:: AIM OF THE EXERCISE ::
From the entries below, reproduce exactly the lines from the one with "第33届秋季(南京)全国摩托车及配件展示交易会参展企业名录" through the one with "Цхинвали. 26 марта.", both included, without images.

:: DATA RECORDS ::
BEGIN

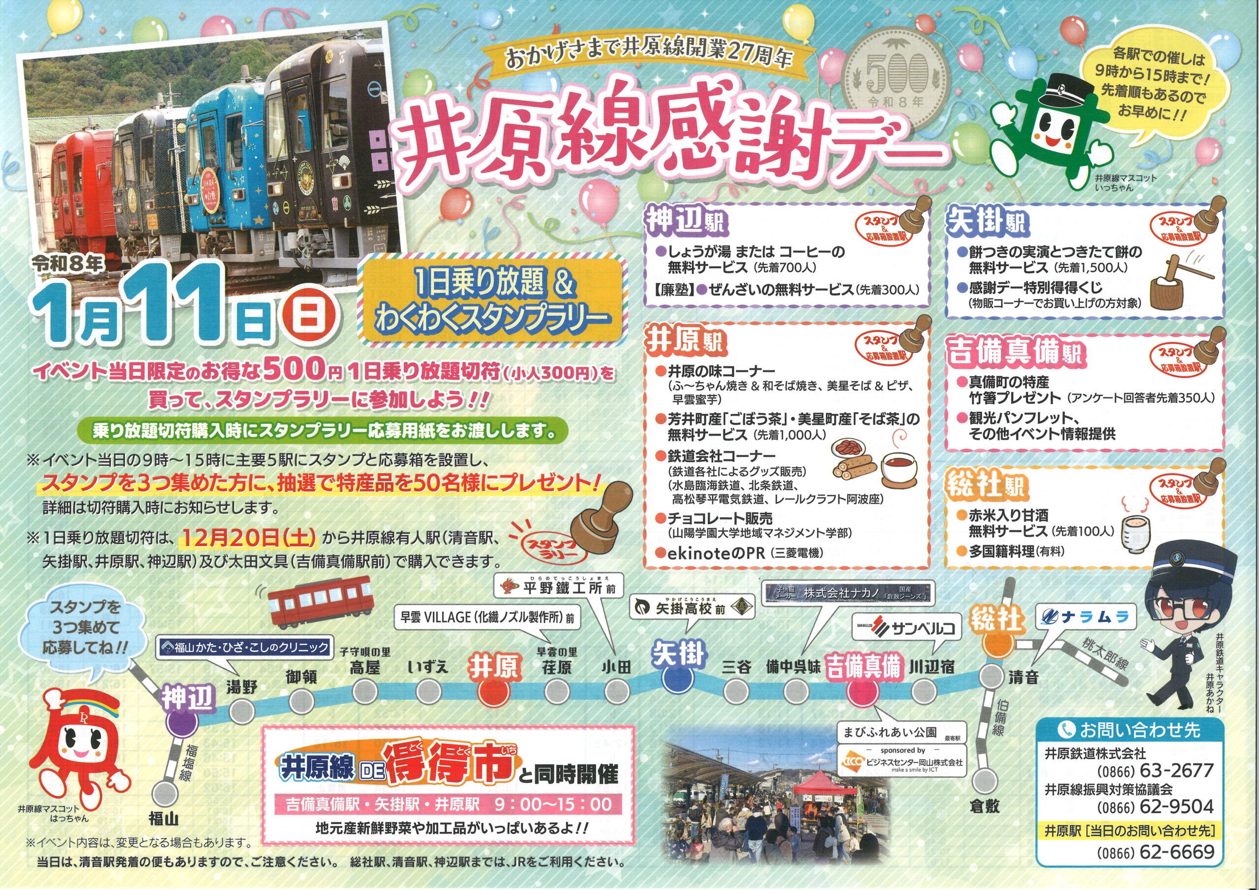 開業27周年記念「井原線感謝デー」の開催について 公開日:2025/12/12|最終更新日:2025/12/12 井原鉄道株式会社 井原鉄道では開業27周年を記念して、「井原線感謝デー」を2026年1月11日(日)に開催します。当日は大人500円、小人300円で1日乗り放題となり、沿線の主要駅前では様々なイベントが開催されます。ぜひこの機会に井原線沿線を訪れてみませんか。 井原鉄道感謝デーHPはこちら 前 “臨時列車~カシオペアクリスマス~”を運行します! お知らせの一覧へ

END
BEGIN

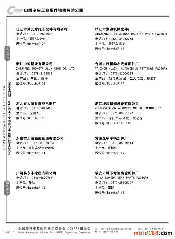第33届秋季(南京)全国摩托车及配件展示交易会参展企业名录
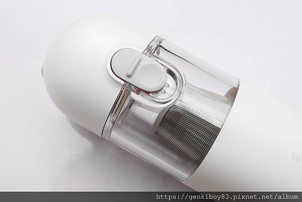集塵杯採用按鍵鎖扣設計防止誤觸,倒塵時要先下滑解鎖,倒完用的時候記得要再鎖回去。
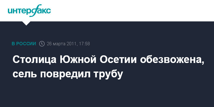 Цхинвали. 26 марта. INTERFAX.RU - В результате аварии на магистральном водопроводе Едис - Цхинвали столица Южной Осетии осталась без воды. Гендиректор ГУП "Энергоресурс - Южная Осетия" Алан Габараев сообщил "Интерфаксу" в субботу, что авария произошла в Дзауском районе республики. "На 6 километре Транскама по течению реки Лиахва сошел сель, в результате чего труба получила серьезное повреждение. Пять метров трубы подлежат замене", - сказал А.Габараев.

END

:: YOUR SOLUTION ::
第33届秋季(南京)全国摩托车及配件展示交易会参展企业名录
集塵杯採用按鍵鎖扣設計防止誤觸,倒塵時要先下滑解鎖,倒完用的時候記得要再鎖回去。
 Цхинвали. 26 марта. INTERFAX.RU - В результате аварии на магистральном водопроводе Едис - Цхинвали столица Южной Осетии осталась без воды. Гендиректор ГУП "Энергоресурс - Южная Осетия" Алан Габараев сообщил "Интерфаксу" в субботу, что авария произошла в Дзауском районе республики. "На 6 километре Транскама по течению реки Лиахва сошел сель, в результате чего труба получила серьезное повреждение. Пять метров трубы подлежат замене", - сказал А.Габараев.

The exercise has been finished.